Conocí al juez Eloy Velasco cuando yo acababa de quitarme el casco de las obras de la Biblioteca Valenciana y él se lo tenía que poner para comenzar las obras de la Ciudad de la Justicia. Así que la BV era el lugar preferido para reuniones importantes de la Dirección General de Justicia que él llevaba. Curiosamente, también conocí allí a la juez Manuela Carmena, cuando formaba parte del Consejo General del Poder Judicial. Cuando la legislatura del 2003 llegaba a su final, coincidimos en la impresionante escalera imperial del monasterio de San Miguel de los Reyes. Allí, el uno sobre un peldaño y el otro dos peldaños más abajo, ya para irnos, nos preguntamos por lo que íbamos a hacer ante la expectativa de que en un par de semanas llegaba Francisco Camps. Me confesó que volvía a la judicatura. No veía la posibilidad de seguir en la Generalitat. Me confesó las horas que había dedicado para sacar adelante la Ciudad de la Justicia y las dificultades que había superado en el proceso. Ahora no había sino que volver cada uno a su sitio.

Desde entonces, sigo su trayectoria con mucha atención, siempre confirmando la idea que me hice de él en aquel entonces, la de un hombre rocoso, mentalmente fuerte, íntegro y dedicado a su trabajo con la fuerza de una genuina convicción. Jamás fue hombre de partido y había aceptado el cargo porque era un reto y por sentido de servicio público. No lo vi ni achicado ni herido ante la situación futura. Sencillamente, se había acabado una etapa. Su sentido de la libertad se conservaba intacto. Por supuesto, yo compartía sus percepciones acerca del sectarismo de lo que iba a venir. Así que nos despedimos con la convicción de que habíamos compartido cierto destino.
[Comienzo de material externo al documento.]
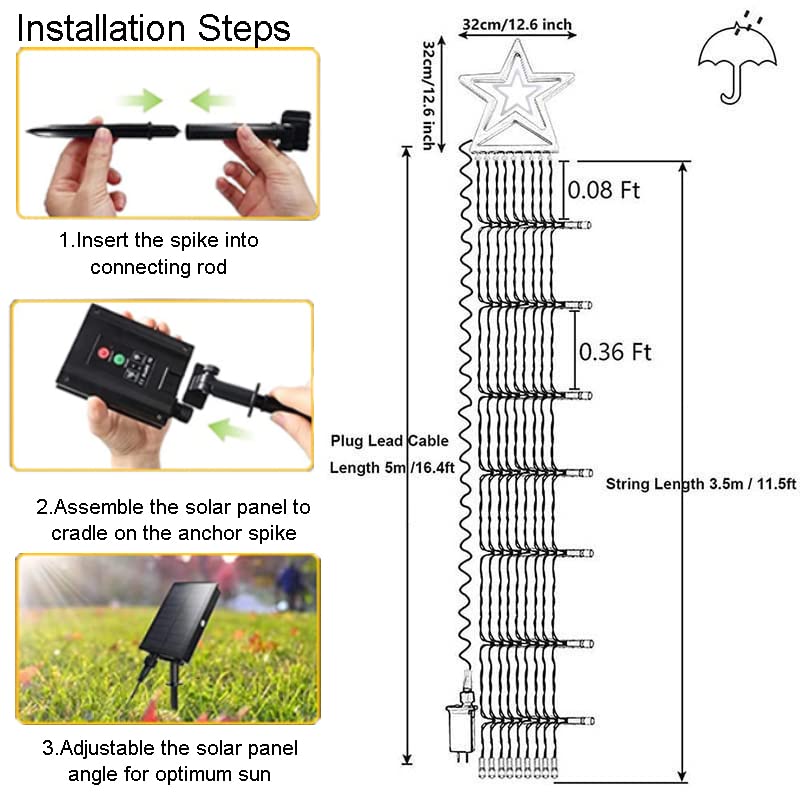 - Specifications: NBE Outdoor/Indoor Christmas Decorations Solar Star Lights. Waterfall Lights are Made Up of a 12-inch Star Light + 9 Strings of 11.5 ft Long Lights. There are 350 LED Lights. The Plug Cable has 16.4 ft in Length & Can Decorate Christmas Trees from 8 ft to 13 ft in Height.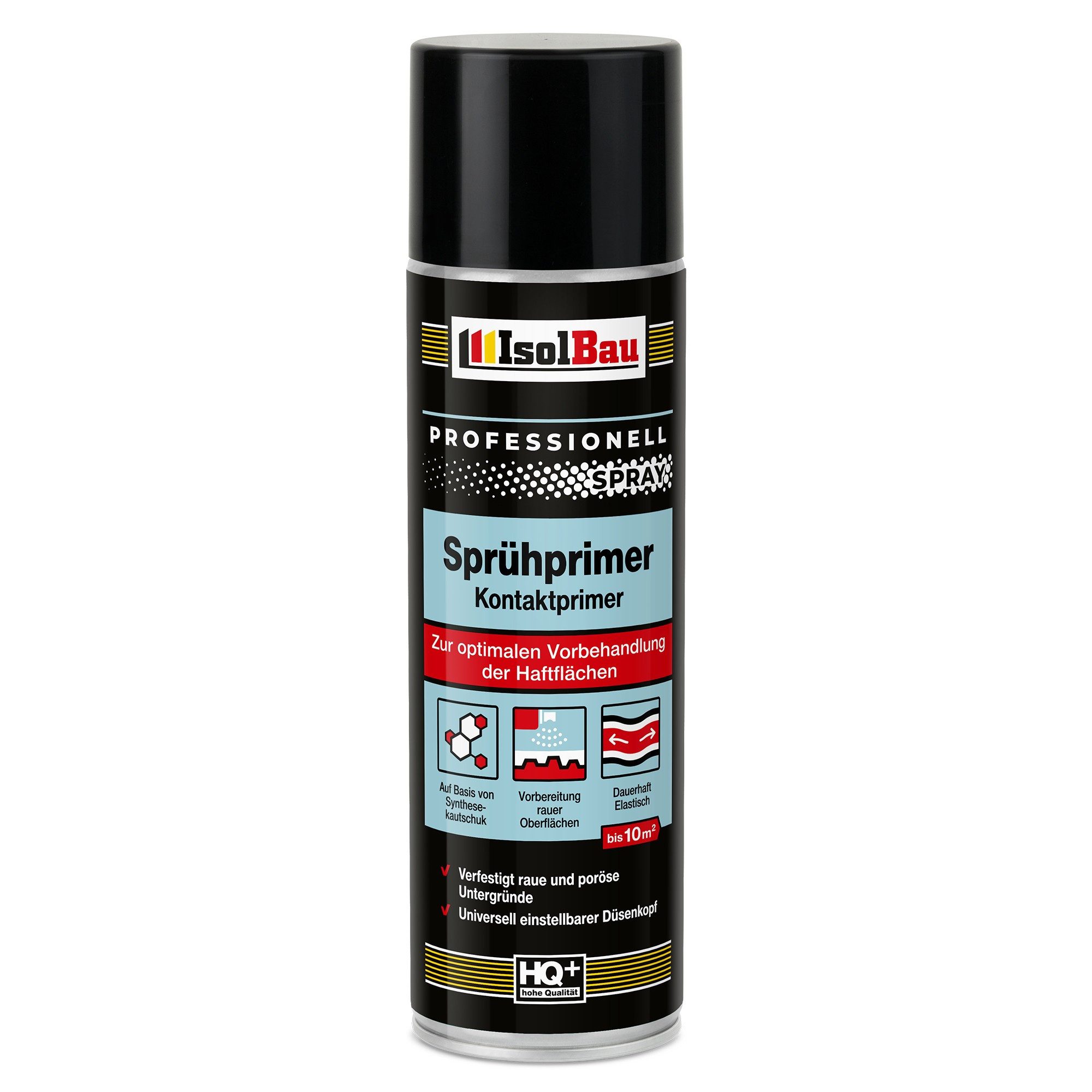 Isolbau Sprühprimer ist Einkomponenten-Grundierung auf Synthesekautschukbasis für den professionellen Handwerk- und Haushalteinsatz. Als Grundierung wird zur Vorbereitung von mineralischen, porösen, saugenden, nichtsaugenden und sandenden Untergründen wie z.B. Beton, Porenbeton, Ziegel, Gips, Metall, Holz, Spanplatten, Glas, PVC, PUR, PE, PP, Schaumstoffen, Leder und viele andere empfohlen. Empfohlen bei der Verklebung der Fensterbänder, Dichtbänder, Bitumenbänder, Dampfbremsen / Dampfsperren, Fassadenbahnen, Folien, Textilien, Dichtstoffen auf Basis von Polyacrylat, Synthese- und Butylkautschuk, uvm.

Trabajar para las instituciones sin esperar nada a cambio.

Esta semana, con íntima satisfacción, y mientras conocíamos con la adecuada perspectiva la organización criminal que el expresidente madrileño Ignacio González había fundado y nos asombrábamos de que hubiera buscado protección en el Ministerio del Interior ante el chivatazo de lo que se avecinaba, he tenido la oportunidad de leer su entrevista en El Mundo, donde lo más interesante es su capacidad para distinguir entre su sentido teórico de la profesión y su trabajo concreto al frente de su juzgado. Esto nos sugiere que su trabajo está fundamentado teóricamente y que está en condiciones de justificar y legitimar sus actuaciones. En realidad, todo parte de un libro que ha editado junto con su esposa, también jurista. Nada que ver con la historia de otros colegas mediáticos, que mezclan sus casos famosos con sus publicaciones. No. El título del libro lo dice todo: Cuestiones prácticas sobre responsabilidad penal de la persona jurídica y Compliance. Sospecho que no va a ser un best-seller. Cuando se le pregunta por la corrupción, él dice que prefiere hablar de hasta dónde llegan las responsabilidades penales de las corporaciones, incluidos los partidos políticos. Él propone que pueden llegar a la disolución.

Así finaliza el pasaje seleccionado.